Designated fund handler
After expressing concerns to our benefits broker, they referred us to a partner that acts as a trust for employers our size in our industry that have also gone the self-funded route.
This self-funded trust reduces our administrative burden by managing the funds designated for our employee health plan.
The trust is industry-specific so it understands our needs and has helped us get a more accurate picture of what our health benefit costs are going to be for the year.
There’s still a chance down the road we may go back to a fully funded employee health insurance plan because leadership may start having second thoughts about the amount of employer-assumed risk under a self-funded plan.
But because it’s kept costs stable throughout the pandemic, we’re sticking with the self-funded trust –at least for now.
3. Onsite clinics
Advocates for onsite clinics say the biggest benefit is they offer employees medical services by licensed professionals at a reduced cost.
While some clinics are fully onsite, others are located nearby or in a shared clinic, giving staff easy access to services.
They are growing in popularity as a cost containment solution.
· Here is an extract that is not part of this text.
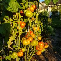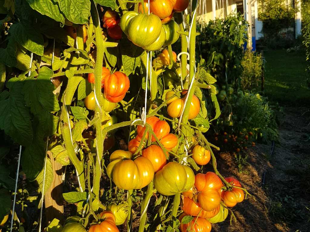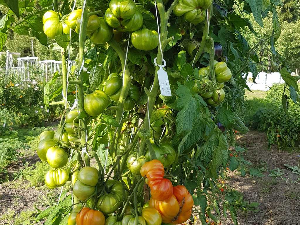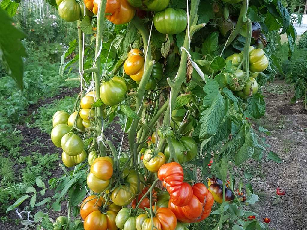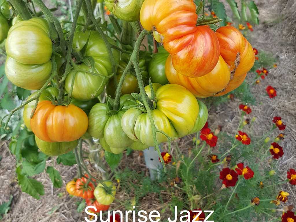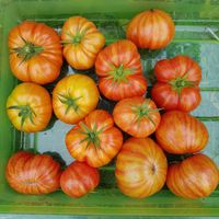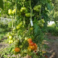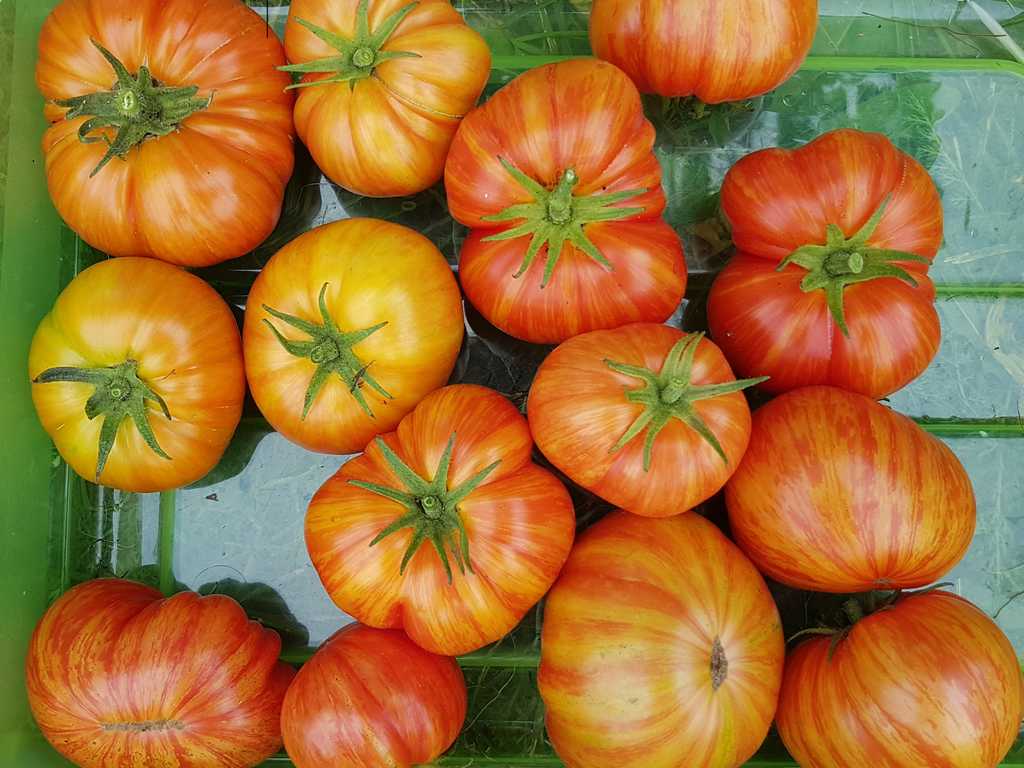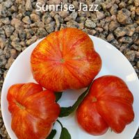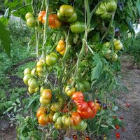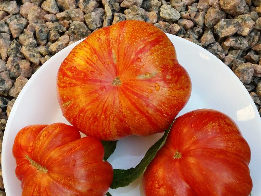 Frukt som väger 200 till 450 gram, biff-typ, plattrund, mer eller mindre ribbad. Röd färg med gula strimmor. Tätt, saftigt ljusrosa kött med mörkrosa marmorering i mitten. Kraftig växt med stora stjälkar, stor utveckling, obestämd tillväxt. Mycket bra, regelbunden mellansäsongsproduktion.

Many onsite clinics now refer to themselves as “health and wellness centers.” They can provide an array of medical and health services related to general first aid, primary care, acute and specialty care, occupational health, and beyond.
Healthcare providers can give physicals, treat minor injuries, administer wellness exams, provide nutrition counseling and even manage chronic conditions. Employees can seek guidance and treatment for various conditions and receive specialty referrals as needed.
Just like healthcare plans, employers can choose to cover only participating employees or extend benefits to their spouses and dependents.
Offsite clinics are often located conveniently close to the workplace. These clinics are common for companies that have multiple offices or employees at different worksites. Therefore, employees can access services and products that they would otherwise have to leave work to utilize.
Onsite clinics demonstrate a unique investment in employee wellness, which can help boost engagement and retention.
Onsite clinics can also help you increase workplace productivity since employees spend less time away from the office.
Workplace clinics drive employee and company savings, as corporate clinic services reduce loss in annual profits by ensuring employees have easier access to services.
For instance, employees who don’t have onsite clinic access may visit the local ER or urgent care for minor services, raising out-of-pocket expenses and wait times.
Regardless of company size, employer sponsored health clinics can serve employees by offering preventive care, annual screenings, acute care, or other services at minimal to no cost. Private companies, public employers and union groups can all sponsor these facilities.